P - Isso em que ano? Em que época?
R - Isso foi, deixa eu ver, foi em, não, 80..
P - Década de 80?
R - 86, por aí, se não me engano.
P - Então, são duas instituições diferentes? A Associação Profissional de Atividade Subaquáticas… E o sindicato nacional?
R - É, não, a associação, para você fundar um sindicato, você tem que começar com associação, então foi o precursor. Então, inicialmente a Associação, eu era, eu fui o vice-presidente da Associação, eu sou o sócio número um da Associação (risos), o Raul Cerqueira era o presidente, foi o presidente durante muito tempo, depois eu era o vice-presidente da Associação, mas eu que praticamente tinha os contatos, nós tínhamos muito contato com a imprensa também, a imprensa nos ajudou muito, porque também era coisas interessantes, a imprensa sempre gostou dessas histórias.
P - Era uma categoria profissional que estava tendo visibilidade…
R - Então, aí era uma troca, a gente levava boas histórias para a imprensa, e eles nos davam um certo apoio político. Nas reivindicações da classe. Então…
P - Você hoje tem noção, existe o sindicato ainda?
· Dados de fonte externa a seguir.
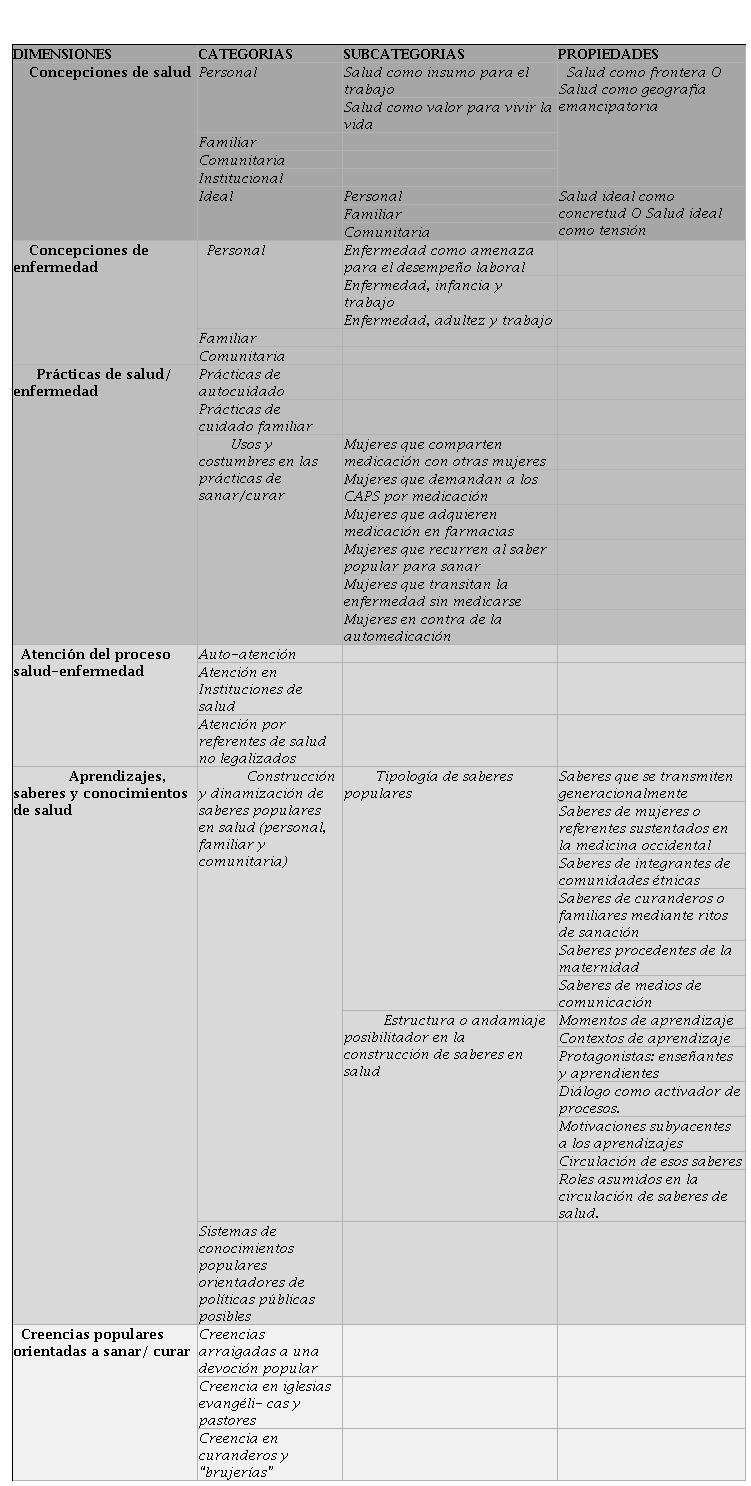 Hasta el momento, se ha podido reconocer la emergencia de dimensiones, categorías y subcategorías con sus propiedades, que abonan a la comprensión del contexto de las concepciones y prácticas de salud legas de comunidades en situación de pobreza, tal como lo expone la Tabla 1.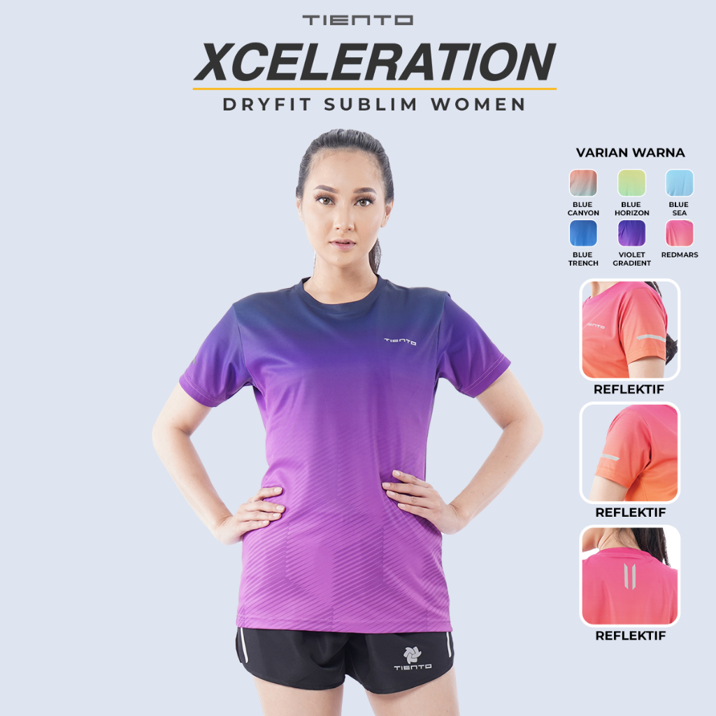 Tiento Baju Olahraga Lari Jersey Running Wanita Anti UV Xceleration

R - Existe... Mas, o sindicato foi esvaziado, foi aquela coisa de os diretores se acomodam, fazem acordo com os patrões, e a categoria também precisa estar sempre mobilizada, estar interessada, se ela não estiver interessada acaba ocorrendo isso. Então, sindicato, até os próprios trabalhadores começam a falar mal do sindicato, aí… Então, eles tem que ter essa consciência profissional, que o sindicato é que representa eles, então eles têm que cuidar do sindicato e evitar que a diretoria se corrompa, vamos dizer assim, né?
P - Mas, hoje você acha que o mergulhador usa roupas adequadas? O tempo de trabalho, as condições de trabalho são frutos dessa militância?
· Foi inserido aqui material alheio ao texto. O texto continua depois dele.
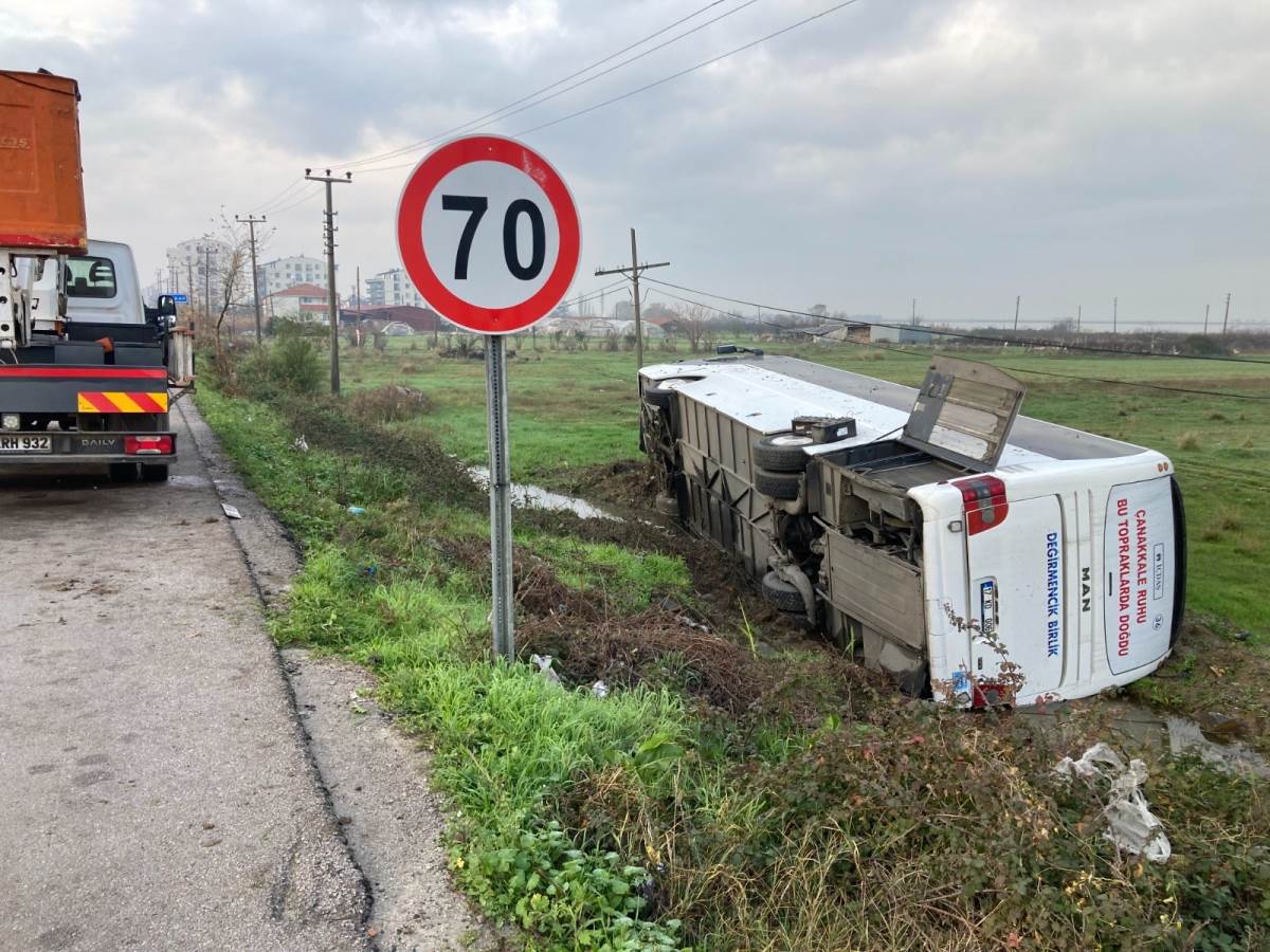 Biga ilçesinden Çanakkale’ye seyir halinde olan İÇDAŞ işçilerini taşıyan 17 KD 006 plakalı otobüs Çardak Beldesi yakınlarında nedeni henüz belli olmayan bir şekilde yoldan çıkarak şarampole yuvarlandı.

R - É sempre uma certa briga. Porque as empresas tentam economizar o máximo possível, e os mergulhadores querem a sua segurança. Mas, há também muita falta de, o próprio mergulhador se sujeita a uma condição que tá fora da lei, vamos dizer, às vezes ocorre. Então, agora, também o que ocorre hoje em dia é que o mercado de mergulho está se esvaziando. Está sendo substituído por robôs. Então, as máquinas, os equipamentos estão praticamente sendo substituídos. A própria Petrobras, por exemplo, um mergulho muito fundo que se fazia há alguns anos atrás, 300 metros de profundidade, custava milhares de milhões de dólares uma operação dessas, custava muito caro, então, já não se faz mais. Então, usam robôs, se o robô já está tendo habilidades que o mergulhador fazia está sendo substituído, né?
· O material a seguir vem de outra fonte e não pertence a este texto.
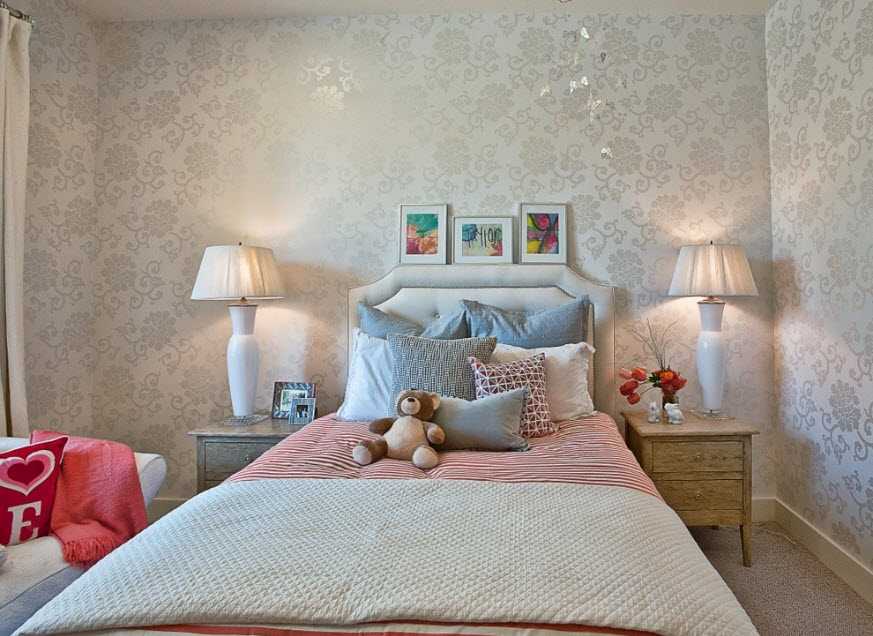 Акцент на детали можно выполнить в виде ярких пятен. Для этого можно подобрать красивые фотообои, необычные статуэтки, прикроватные лампы или текстильное оформление в контрастном тоне.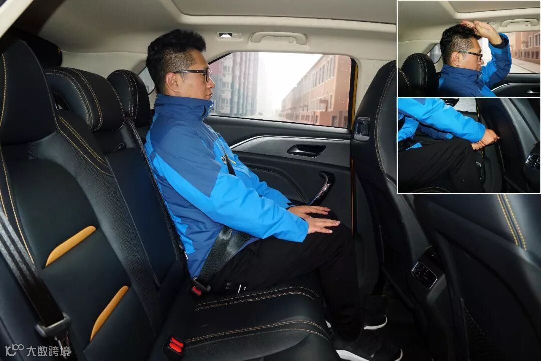 在保持前排座椅不懂的情况下,体验者后排的腿部空间两拳还有富余,而头部空间有将近四指的距离。车内乘坐空间非常充裕,完全可以保证乘客有一个舒适的坐姿。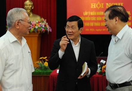 (VOV5) - Chiều nay (27/3), tại Hà Nội, Mặt trận Tổ quốc Việt Nam tổ chức Hội nghị lấy ý kiến nhân sĩ, trí thức, luật gia, người tiêu biểu các dân tộc thiểu số, chức sắc tôn giáo góp ý vào dự thảo sửa đổi Hiến Pháp 1992. Chủ tịch nước Trương Tấn Sang tới dự.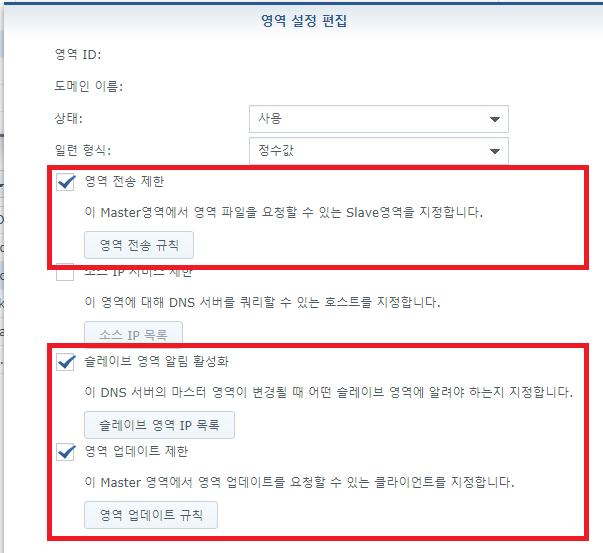 여기서는 영역 전송 제한, 슬레이브 영역 알림 활성화, 영역 업데이트 제한 3개 설정을 진행하겠습니다.
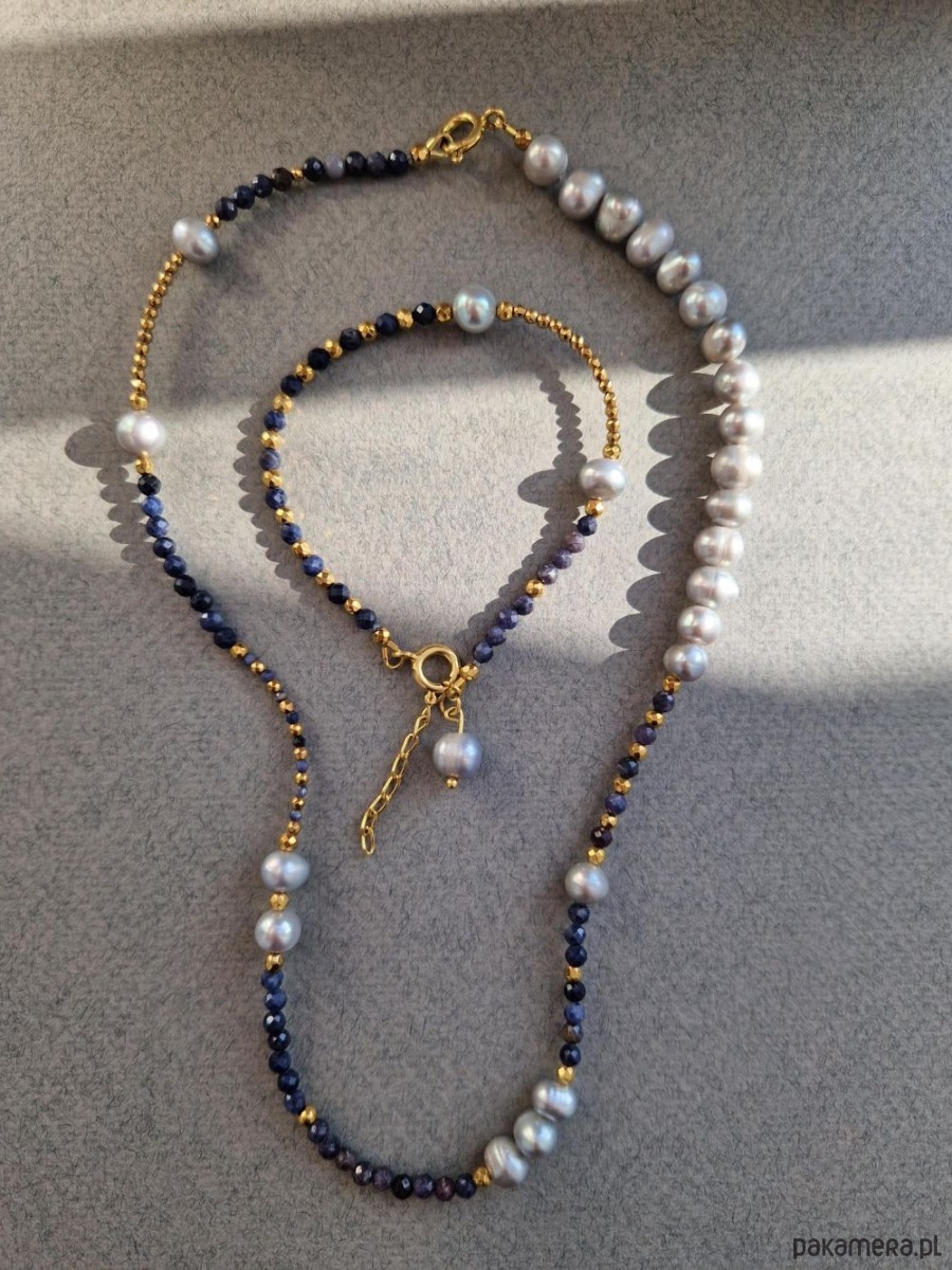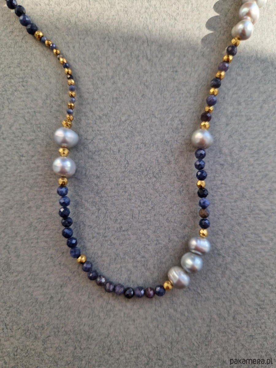 Naszyjnik z szarych pereł i niebieskich szafirów 50 cm

P - Você acha que vai acabar a profissão de mergulhador? O homem mergulhador realmente vai ser substituído por máquinas? É uma profissão muito perigosa, né?
R - É perigosa, o mergulho profissional foi considerado pela OIT a profissão mais perigosa do mundo, foi considerada uma época, hoje em dia não sei, mas na nossa época tinha sido, era considerada a mais perigosa do mundo. Quanto à tecnologia, a tecnologia está avançando muito. A tendência vai ser o humano, até agora certas tarefas ainda precisam ser feitas por mergulhadores, então hoje em dia estão se chamando drones submarinos. Antigamente chamávamos ROV - Remote Operated Vehicle, então hoje em dia chama drone, então são drones submarinos que tem câmeras, tem braços, tem sensores, tem várias ferramentas que podem ser utilizadas. Para substituir o trabalho que o mergulhador fazia, é um custo mais barato com um risco humano praticamente zero.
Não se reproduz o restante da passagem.